- WHAT IS REQUIRED
Lines below starting with the line with "Mieszkanie wyposażone zostało" and going on through the line with "本州では標高1,000m後半" must be output exactly; the rest of the records must be left out.

- SOURCE DATA
────────────────────

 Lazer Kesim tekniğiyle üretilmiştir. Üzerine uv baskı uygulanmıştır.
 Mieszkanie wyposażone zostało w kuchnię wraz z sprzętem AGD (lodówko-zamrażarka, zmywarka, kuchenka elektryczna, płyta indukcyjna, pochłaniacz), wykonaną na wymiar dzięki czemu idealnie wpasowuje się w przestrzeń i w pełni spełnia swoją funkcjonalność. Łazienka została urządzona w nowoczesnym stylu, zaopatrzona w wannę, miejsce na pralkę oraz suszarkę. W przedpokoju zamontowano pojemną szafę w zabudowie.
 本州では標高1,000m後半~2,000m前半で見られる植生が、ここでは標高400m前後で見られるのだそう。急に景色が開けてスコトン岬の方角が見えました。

────────────────────

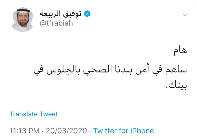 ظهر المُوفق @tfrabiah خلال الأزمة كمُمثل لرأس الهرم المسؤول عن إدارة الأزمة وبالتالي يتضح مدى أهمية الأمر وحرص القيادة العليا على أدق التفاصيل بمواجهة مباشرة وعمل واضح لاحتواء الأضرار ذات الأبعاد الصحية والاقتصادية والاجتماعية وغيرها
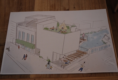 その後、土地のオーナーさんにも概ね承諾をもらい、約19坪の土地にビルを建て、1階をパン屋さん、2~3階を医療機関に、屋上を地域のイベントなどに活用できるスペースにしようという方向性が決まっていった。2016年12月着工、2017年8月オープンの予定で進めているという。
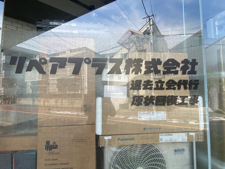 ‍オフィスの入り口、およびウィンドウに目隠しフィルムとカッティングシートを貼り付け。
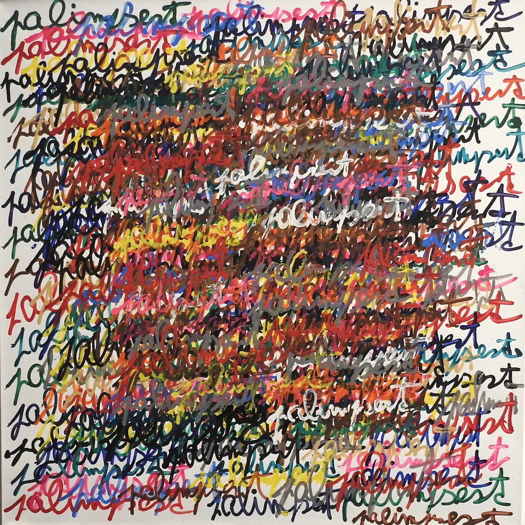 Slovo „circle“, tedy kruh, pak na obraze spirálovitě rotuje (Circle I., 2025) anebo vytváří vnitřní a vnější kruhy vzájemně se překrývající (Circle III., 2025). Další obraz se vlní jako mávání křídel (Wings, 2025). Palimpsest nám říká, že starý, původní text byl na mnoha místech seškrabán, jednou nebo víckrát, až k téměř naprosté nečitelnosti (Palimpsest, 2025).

────────────────────

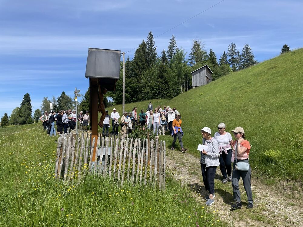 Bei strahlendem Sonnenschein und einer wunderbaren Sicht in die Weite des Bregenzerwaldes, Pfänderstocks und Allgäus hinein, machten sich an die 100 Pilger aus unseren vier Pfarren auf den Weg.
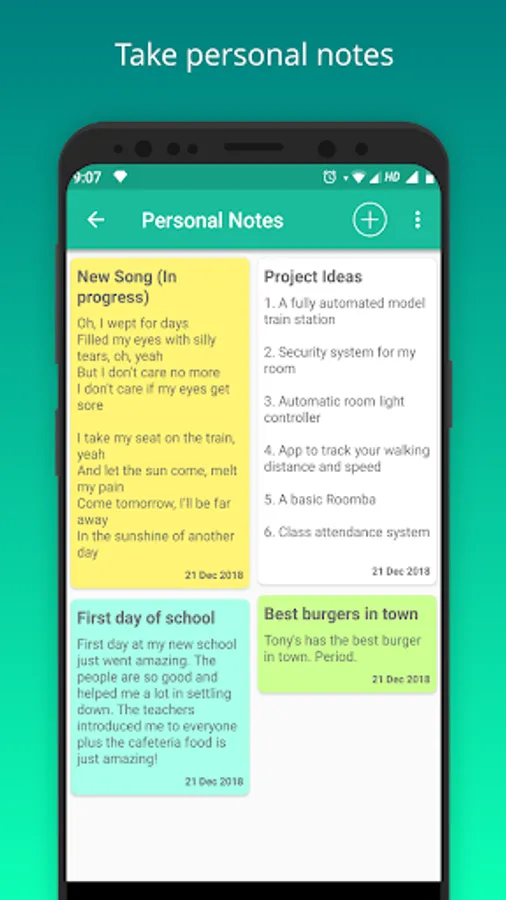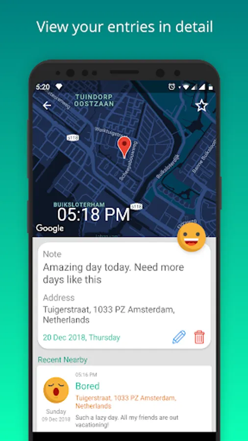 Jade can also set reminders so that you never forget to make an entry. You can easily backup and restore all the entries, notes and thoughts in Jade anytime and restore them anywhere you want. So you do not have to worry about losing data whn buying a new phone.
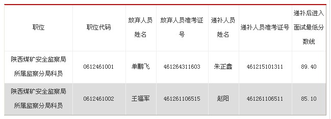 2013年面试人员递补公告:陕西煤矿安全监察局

────────────────────

- SOLUTION
 Mieszkanie wyposażone zostało w kuchnię wraz z sprzętem AGD (lodówko-zamrażarka, zmywarka, kuchenka elektryczna, płyta indukcyjna, pochłaniacz), wykonaną na wymiar dzięki czemu idealnie wpasowuje się w przestrzeń i w pełni spełnia swoją funkcjonalność. Łazienka została urządzona w nowoczesnym stylu, zaopatrzona w wannę, miejsce na pralkę oraz suszarkę. W przedpokoju zamontowano pojemną szafę w zabudowie.
 本州では標高1,000m後半~2,000m前半で見られる植生が、ここでは標高400m前後で見られるのだそう。急に景色が開けてスコトン岬の方角が見えました。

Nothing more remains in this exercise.